Secret Agreements

It is always tremendously difficult to unravel the wondrous and tortuous ways of Veolia & Co’s financial deals. The agreements concluded are for the most part secret. As a rule, the private partner contractually ensures that it will remain durably immune to public and lawful inspection. Even members of the Bundestag have no enforceable right to inspection. In 2000, 49,9% of the German capital city Berlin’s water services were sold to two Global Players of the water industry: RWE and Veolia. For four years, the deal appeared to be exemplary: almost two billions to fill the holes in the city’s budget, constant water prices, and the city remaining the majority shareholder. Then, however, the Berlin deputy Gerlinde Schermer, who at the time of the privatisation was a member of the economic commission, discovered secret clauses in favour of the private owners. The management of the service, for instance, was left in the hands of the Global Players, although they were only minority shareholders. Most of the Berlin deputies knew nothing of this when they endorsed the sale. Furthermore, the secret consortium agreement guaranteed to the buyers a profit of about 8% in addition to a guaranteed increase of same. Should the rate of return not be attained, the Berlin Senate would be held responsible to compensate.
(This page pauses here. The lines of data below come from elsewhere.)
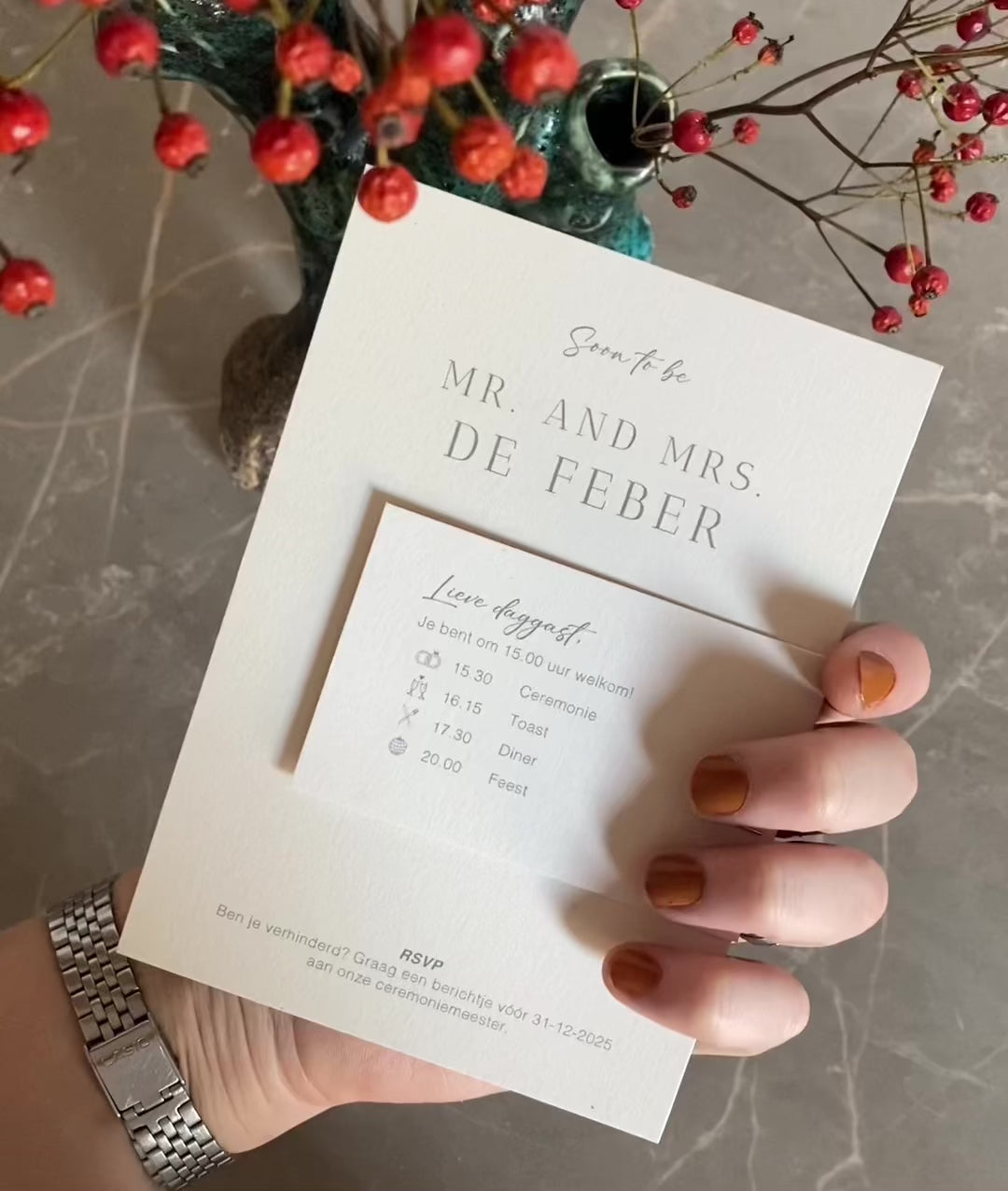 Voor mijn broer en schoonzus ontwierp ik dit trouwkaart design, een persoonlijke en bijzondere opdracht binnen mijn portfolio.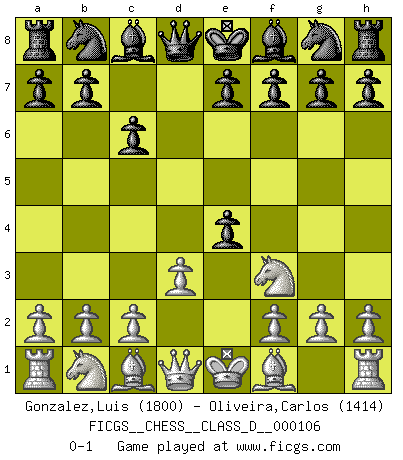 Last move : 0-1 2008 November 28 22:27:12 [Event "FICGS__CHESS__CLASS_D__000106"] [Site "FICGS"] [Date "2008.10.10"] [Round "1"] [White "Gonzalez,Luis"] [Black "Oliveira,Carlos"] [Result "0-1"] [WhiteElo "1800"] [BlackElo "1414"] 1.e4 c6 2.Nf3 d5 3.d3 dxe4 0-1 This chess game has been lost on time (started : 2008.10.10 12:16:44) Caro-Kann defense Player Black won this chess game. Follow this game move after move (download)Fischer, who may or may not be mad as a hatter, has every right to be horrified. (Jeremy Silman) Ich spiele ehrlich und spiele, um zu gewinnen. Wenn ich verliere nehme ich meine Medizin. (Robert James Fischer) El Ajedrez detiene a su maestro dentro de sus propios vínculos, encadenando la mente y el cerebro, por lo que la libertad interior del mas fuerte debe sufrir. (Albert Einstein) A chaque perte on perd un peu de soi. (Joël Lautier) Hello Thibault, if I have had a plan (and I had one, I hope), I have forgotten it during the last week... - Hello Heinz-Georg. What do you mean a plan ? (Anonymous players, during a Big Chess game)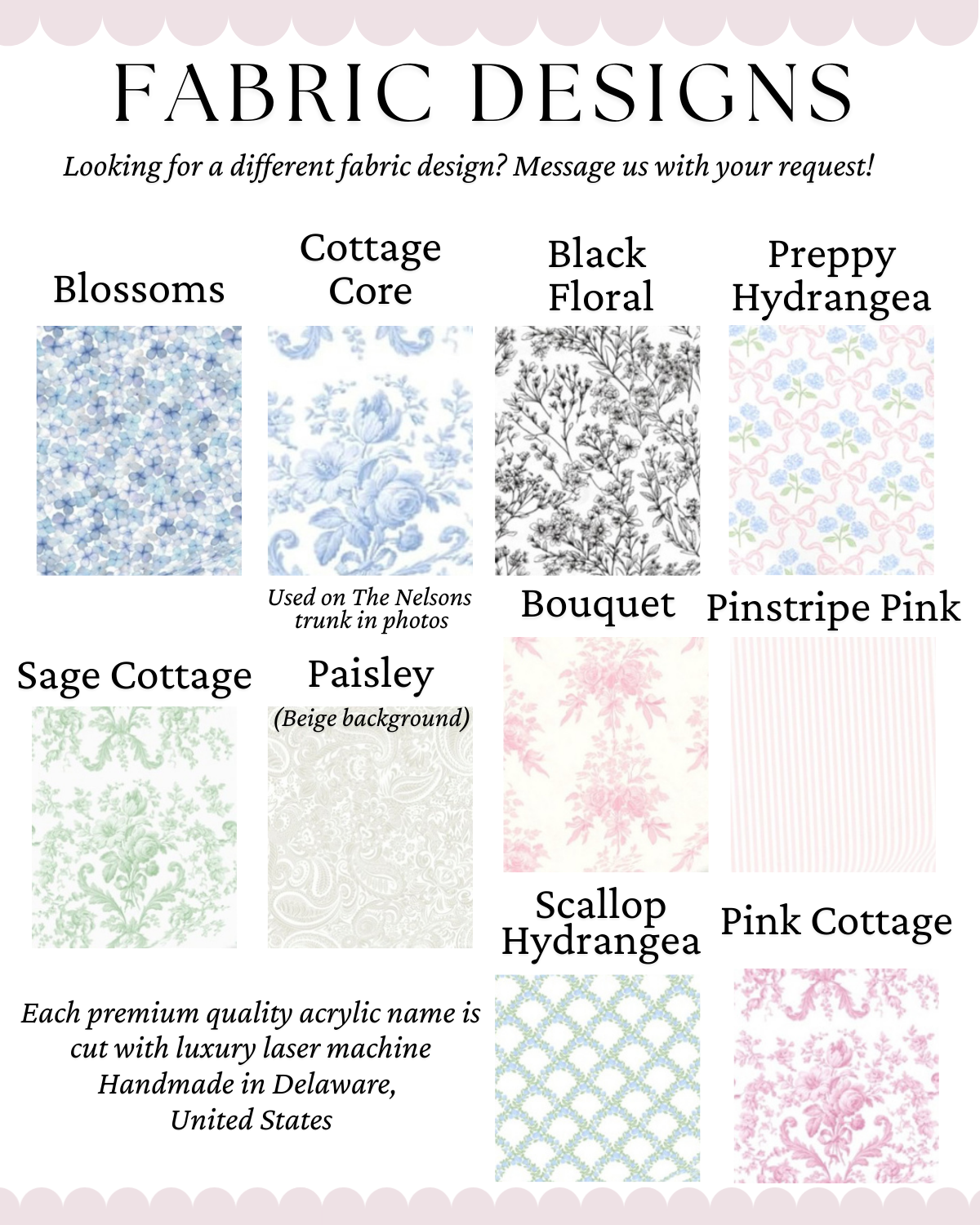 • If fabric design is not indicated in the personalization box then we will send a message. If a message is not responded to within 24 hours then the order may be cancelled.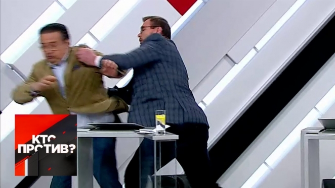 Украинский эксперт Василь Вакаров во время обсуждения украинских проблем заявил, что больше вреда, чем Америка, никто Украине не нанес. Стоявший рядом американский журналист и политолог Грэг Вайнер (он же уроженец СССР Григорий Винников, когда-то эмигрировавший в США, но недавно вернувшийся в Россию) начал Вакарову возражать. Ну и не сдержался горячий украинский парень. Со всей силы пнул обидчика — да так, что тот отлетел на несколько метров к студийной стенке, ударился об нее головой и отключился.

Consequently, in 2004, the city had to do without € 41,2 mio. The same year, the price of water increased by 15%, as it did in the following three years. In the course of the years, the land was being forced to renounce to part of its returns – otherwise, the private owners threatened to double the increase of the price of water. A ruling of the Berlin Constitutional Court stating that the expected size of the guaranteed revenue was illegal didn’t make any difference, as the consortium agreement stipulated that a compensation was due by the Berlin Senate also in the case of a subsequent court ruling – and so the pretentions of the Global Players, notwithstanding legal decisions, acts of parliament or democratic decisions, remained valid. A citizens’ initiative launched in 2007 by the Berlin Roundtable on Water and demanding the publication of the secret agreements, successful at first instance, was in the end declared illegal. Even through a referendum, the secret character of the agreements could not be put into question.